Congress lost its second party-switching Member in as many weeks Tuesday when freshman Rep. Parker Griffith was defeated in the Republican primary in Alabama’s 5th district.

Madison County Commissioner Mo Brooks won the three-way contest without needing a runoff by taking 51 percent of the vote Tuesday. Griffith had 33 percent, and Navy veteran Les Phillip had 16 percent.

Griffith’s defeat is sure to be interpreted as yet another sign of the general anti-establishment mood of the country during this midterm election cycle. But as with Sen. Arlen Specter in Pennsylvania’s Democratic Senate primary two weeks ago, Griffith’s defeat was also very much about his decision to change political teams last December and his inability to connect with his new party base.
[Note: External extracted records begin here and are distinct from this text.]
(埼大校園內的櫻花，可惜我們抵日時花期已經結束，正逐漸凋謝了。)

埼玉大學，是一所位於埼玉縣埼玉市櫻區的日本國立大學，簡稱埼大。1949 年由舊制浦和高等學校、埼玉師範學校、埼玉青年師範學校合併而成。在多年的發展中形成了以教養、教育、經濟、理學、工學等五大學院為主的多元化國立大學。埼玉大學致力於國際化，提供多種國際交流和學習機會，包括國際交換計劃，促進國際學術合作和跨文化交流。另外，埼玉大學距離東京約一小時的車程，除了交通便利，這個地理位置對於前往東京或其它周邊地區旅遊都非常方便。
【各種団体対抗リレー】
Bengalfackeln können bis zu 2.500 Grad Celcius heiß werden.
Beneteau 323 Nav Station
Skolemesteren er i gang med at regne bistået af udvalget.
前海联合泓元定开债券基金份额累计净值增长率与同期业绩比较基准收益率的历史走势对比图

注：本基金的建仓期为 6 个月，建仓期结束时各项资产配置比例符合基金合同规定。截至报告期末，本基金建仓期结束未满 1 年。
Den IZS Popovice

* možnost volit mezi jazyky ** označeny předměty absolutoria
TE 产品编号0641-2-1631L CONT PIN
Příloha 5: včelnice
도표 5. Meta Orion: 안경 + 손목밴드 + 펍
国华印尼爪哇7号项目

Although Griffith was quickly embraced by national Republican leaders after his party switch, he never won over tea party activists or local GOP leaders in his northern Alabama district.

Early this year two county GOP executive committees in the district took the unusual step of endorsing anyone but Griffith in the primary, while tea party activists went so far as to protest a Griffith fundraiser in the district that featured House Minority Leader John Boehner (R-Ohio).
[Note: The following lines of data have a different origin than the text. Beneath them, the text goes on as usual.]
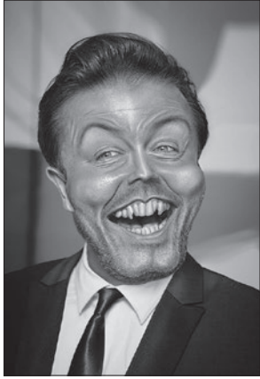
ریکی جارویس (Ricky Gervais)

کمدین و فیلم ساز انگلیسی است که اخیراً مقاله او با عنوان «چرا به خدا اعتقاد ندارم» جنجال به پا کرد. بعد از این مقاله، «ریکی» پرسش و پاسخ های خوانندگان روزنامه وال استریت ژورنال را جواب داد. اکنون ترجمه بخش هایی از آن را در اختیار شما قرار می دهیم.
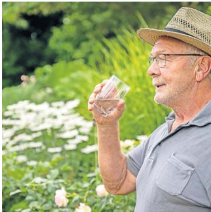
Trinken nicht vergessen! Mit einfachen Tricks wird der regelmäßige Griff zum Wasserglas selbstverständlich.

Was ebenfalls einen Versuch wert ist: das Trinken fest an andere Alltagsgewohnheiten knüpfen. So können wir uns vornehmen: vor jeder Mahlzeit ein Glas Wasser - oder auch morgens direkt nach dem Aufstehen.
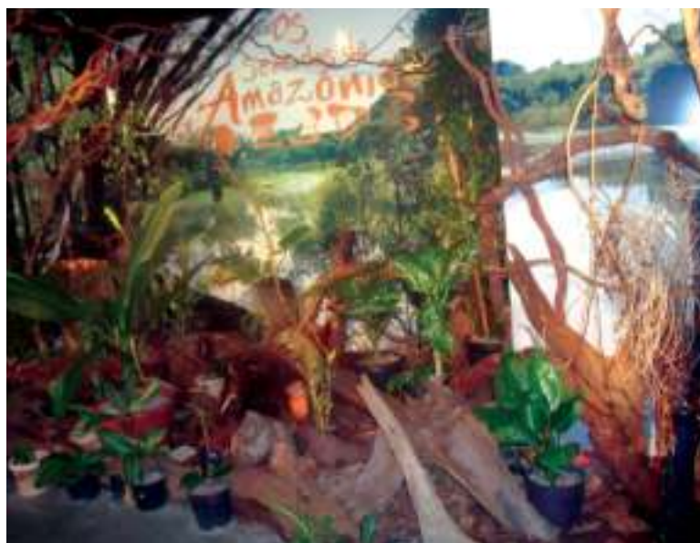
Figura 2.2: Imagens

If you have a digital camera, you can move your pictures from the camera to your computer. Then you can print them, create slide shows, or share them with others by email or by posting them on a website. You can also listen to music on your computer, either by importing (transferring to your computer) music from audio CDs or by purchasing songs from a music website. Or, tune in to one of the thousands of radio stations that broadcast over the Internet. If your computer comes with a DVD player, you can watch movies.
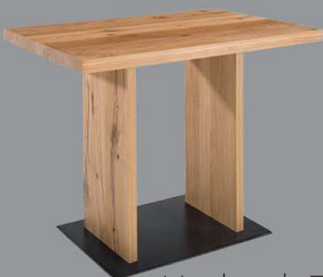
Hochtisch FORUM Eiche, Nuss, Ahorn, Buche, Esche
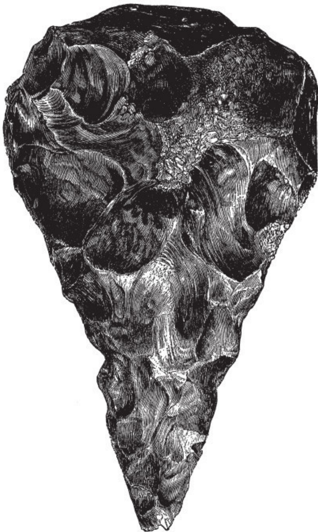
Рис. 7. Кремневое орудие, найденное в XVII веке на Грейз-Иин-Лейн. По Эвансу
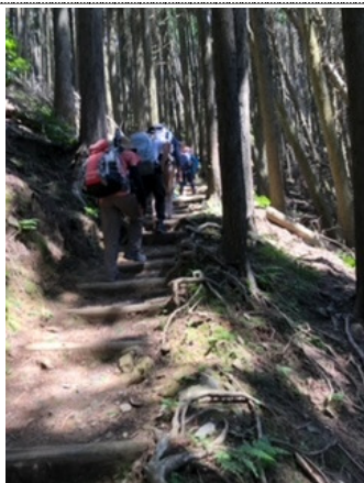
CL先頭にゆっくり進む

酷暑の中、全員無事完走。暑さ対策もバッチリの「京都の歴史を踏みしめて登る比叡山」。
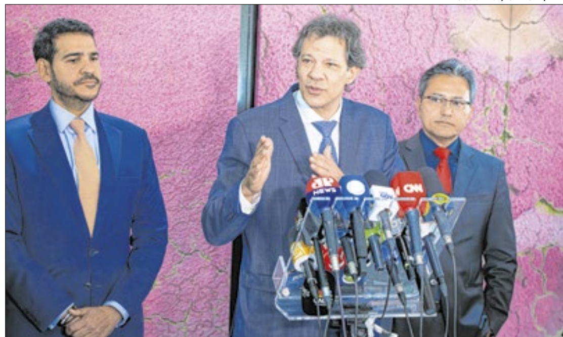
João Risi / SEAUD / PR

Todo esse embate gerou-se após a Receita Federal divulgar um ato normativo que ampliava a
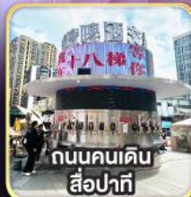
ถนนคนเดิน สือปาตี
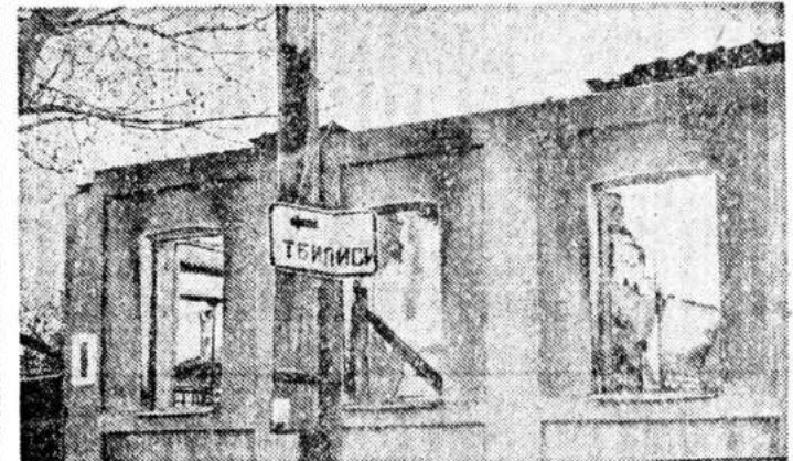
Грузия хочет уйти. Осетины хотят остаться. «Нам с ними не по дороге», — говорят здесь, — и пусть они оставят нас в покое».

Brooks was able to rally that support and combine it with a $100,000 personal loan and just enough funding to get his message out and not be drowned out by Griffith’s more than $1.1 million in campaign disbursements.
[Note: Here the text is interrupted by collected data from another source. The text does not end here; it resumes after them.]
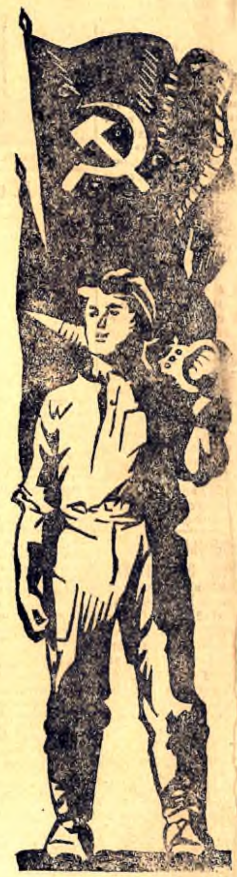
Подхватывайте почин передовиков, вступайте в соревнование! Больше продукции для фронта! Помогите Красной Армии громить ненавистного врага.

Коллектив принял обязательство выполнить план по ассортименту за 1942 год не менее, чем на 105 процентов, снизить брак по отношению к I кварталу на 5 процентов, поднять производительность труда на 10 процентов, дать экономии материалов на 5 процентов, между цехами, сменами, бригадами и отдельными рабочими заключить социалистические договоры.
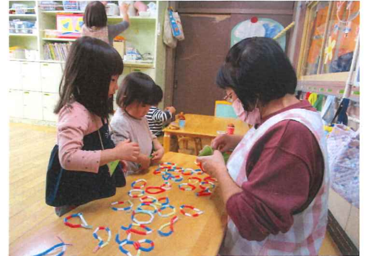
わたしにはあうアスレットほどゆかば...?
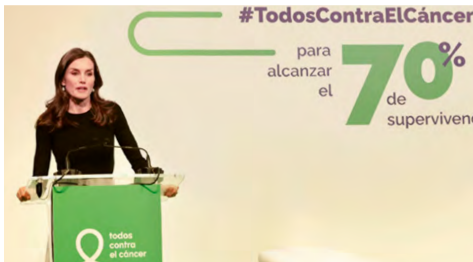
La Reina Letizia, que se ha centrado en apoyar causas como la educación, la investigación científica, la salud mental y la lucha contra el cáncer, preside el acto de presentación del proyecto «Todos contra el cáncer» de la AECC, 2 de febrero de 2023.
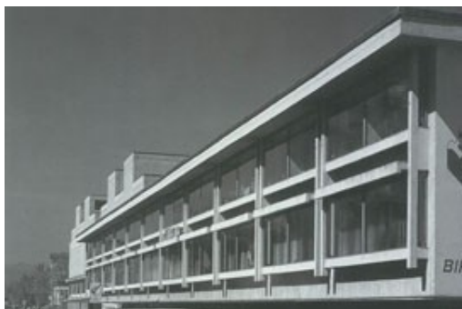
Slika 19: S. Sever- Tiskarna Mladinska knjiga

1 Različni avtorji: 20.stoletje: arhitektura od moderne do sodobne: vodnik po arhitekturi, Zavod za varstvo kulturne dediščine Slovenije, 2001, stran 62
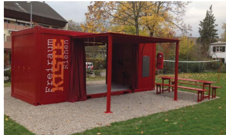
Der fertige überdachte Treffpunkt mit Sitzmöglichkeiten
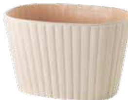
▽ Ghivece de ceramică cu model împletit sau cu pătrățele, 9 lei, de la Daiso ( www.daiso.ro ). Ghiveci bej din plastic poliuretanic, ușor și rezistent la îngheț, 33x50 cm, 129,95 lei, de la Ikea ( www.ikea.ro ).
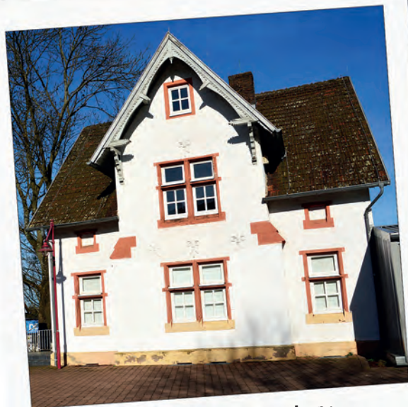
Kutscherhaus am Hammergraben: Umbau zum Kreativzentrum
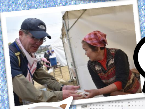
豚汁で ホッと一息。
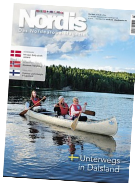
Omslaget på det tyska magasinet Nordis när de besökte Dalsland

Projektet arbetar även aktivt med ett starta upp en ny säljportal som ska effektivisera säljandet av vandrings- och cykelresor. Projektägare är Dalsland turist AB och Havass skog.
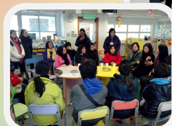
景嶺書院家教會委員到校

召集 「小六敬師茶會籌備小組」 會議即將召開，有興趣參與 之六年級家長可與家教會委員 聯繫。
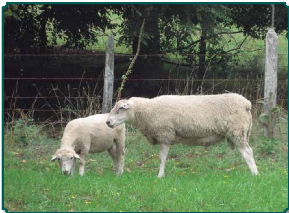
Foto 5. Carnero Texel.
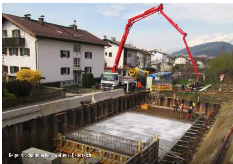
Regenrückhaltebecken, Wattens, Österreich
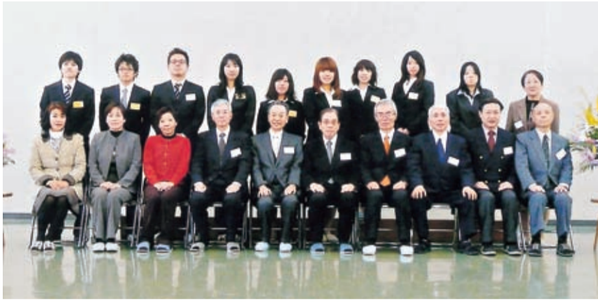
保護者、職員と一緒に記念撮影
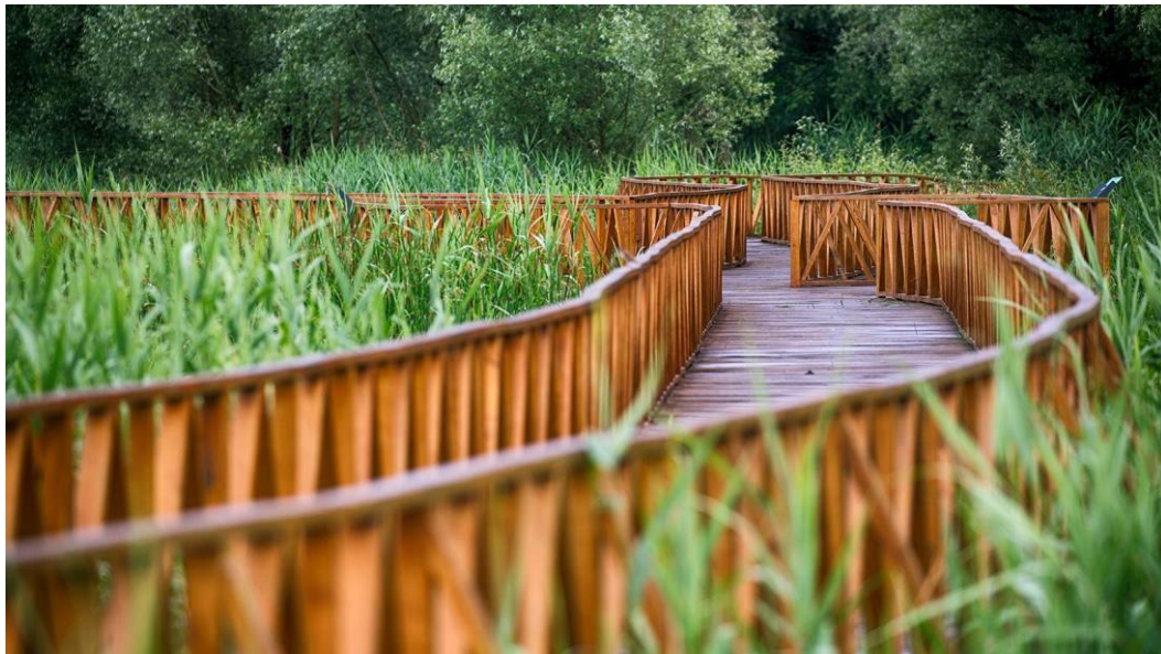
Slika 8. Park prirode Kopački rit

Portal Kult Plave Kamenice opisuje Baranjukao jedan od najfascinantnijih hrvatskih krajeva. Navode kako jeonaautentično divlja, a opet pristupačna i bezopasna. Baranja je puna vinograda kojadaju vrhunska vina s podrumima koji spadaju među starije u ovom dijelu Europe. Ona ima ponešto malih obiteljskih pansiona koji zaista stvaraju ugođaj života na idiličnom selu. Kopački rit, sa svojim orlovima, kormoranima, jelenima i vodenim zmijama mogao bi postati popularan kao Plitvice. Ističu kako je jedina loša strana Baranje nepostojanje malo većeg hotelaza smještanje potencijalnih gostiju. Na slici 8 prikazan je djelić Parka prirode Kopački rit.
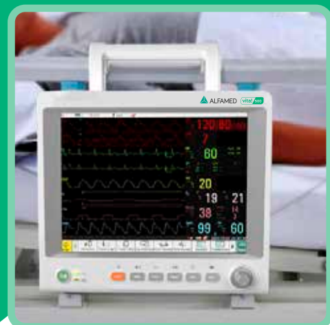
Alça para maca
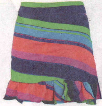
Envelope (R$ 109,90), da Lança Perfume para a Dafiti
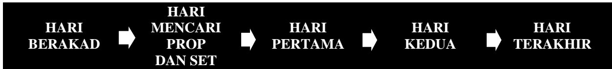
Rajah 3: Struktur persembahan ritual magbuaya

bahawa identiti itu terbentuk dengan cara wawancara dan secara performatif. Oleh yang demikian, identiti itu tidak terbentuk secara semulajadi dalam sesuatu masyarakat. Oleh yang demikian, peranan wanita serta identiti wanita dapat dilihat secara jelas dalam aliran persembahan ritual magbuaya .

Brooks said last week that he was holding back nearly six figures in campaign cash in the event of a runoff — a sum that will give him a good cash-on-hand base in the conservative district as he looks to the general election.

In that contest he’ll face Democratic political consultant Steve Raby, who won his primary with more than 60 percent of the vote. The runner-up in that contest was lawyer Taze Shepard, grandson of former Alabama Sen. John Sparkman (D).

Brooks will be the favorite in the November election, but national Democrats hold out some hope that Raby, like Griffith and nine-term Rep. Bud Cramer before him, can keep the Huntsville-area seat in the Democratic column.